Aldol = $\alpha$-H present, Cannizzaro = $\alpha$-H absent, Decarboxylation = loss of $CO_2$.

Answer 1

(i) Aldol Condensation:
Aldol condensation is a reaction in which aldehydes or ketones having $\alpha$-hydrogen atoms undergo self-condensation in the presence of a dilute base (NaOH, KOH) to form $\beta$-hydroxy aldehydes (aldols) or $\beta$-hydroxy ketones. On heating, these dehydrate to form $\alpha,\beta$-unsaturated aldehydes or ketones.
\[ 2CH_3CHO \; \xrightarrow{NaOH} \; CH_3CH(OH)CH_2CHO \; \xrightarrow{\Delta} \; CH_3CH=CHCHO \] (ii) Decarboxylation:
Decarboxylation is the elimination of a carboxyl group ($-COOH$) from carboxylic acids as carbon dioxide. This generally takes place in the presence of soda lime (NaOH + CaO).

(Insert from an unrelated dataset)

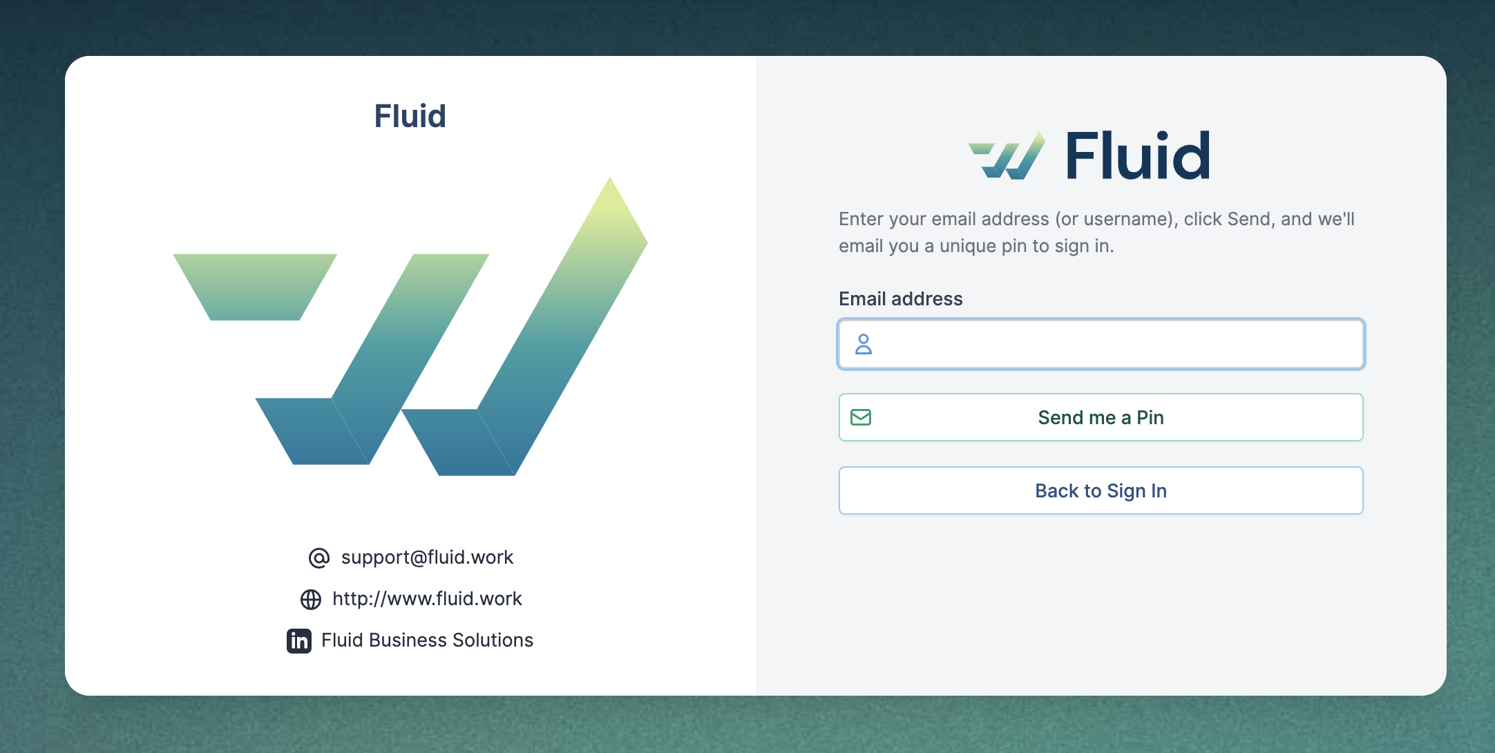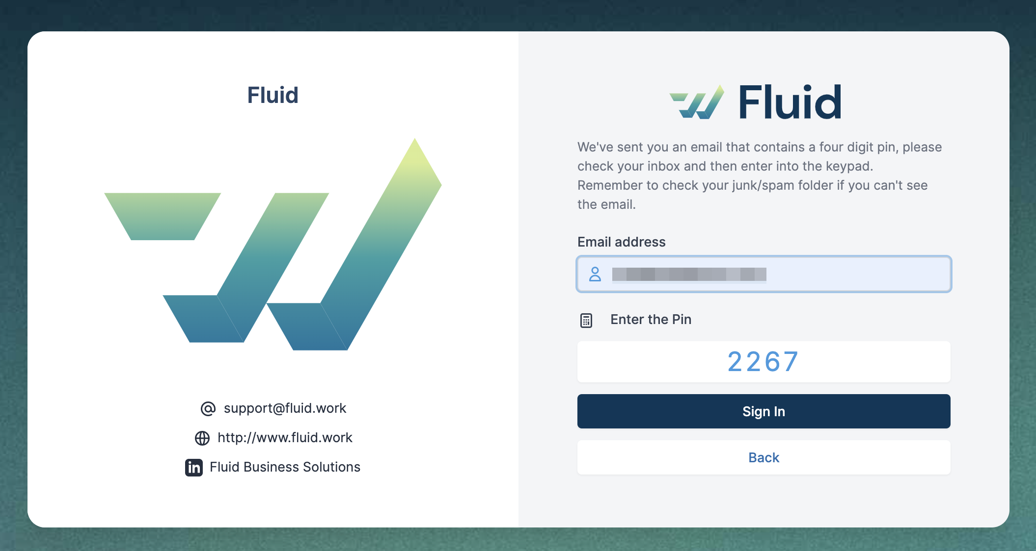 The pin is sent to the registered Fluid user's email account.

\[ C_6H_5COOH + NaOH \; \xrightarrow{CaO, \; \Delta} \; C_6H_6 + Na_2CO_3 \] This reaction is useful for decreasing the carbon chain length by one carbon atom. (iii) Cannizzaro Reaction:
Aldehydes which do not have $\alpha$-hydrogen undergo self-oxidation and reduction (disproportionation) in the presence of concentrated alkali to form a primary alcohol and a carboxylate salt.

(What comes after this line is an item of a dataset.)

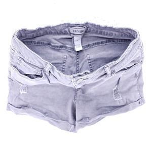 Refuge Light Gray Destroyed Rolled Cuff Shorts Women Size 6 Mid Rise Denim Pants

\[ 2HCHO \; \xrightarrow{Conc. NaOH} \; CH_3OH + HCOONa \] Example: Formaldehyde gives methanol and sodium formate. Conclusion:
Aldol condensation forms C–C bonds, decarboxylation removes $-COOH$ groups, and Cannizzaro reaction gives alcohols and salts from aldehydes without $\alpha$-hydrogen.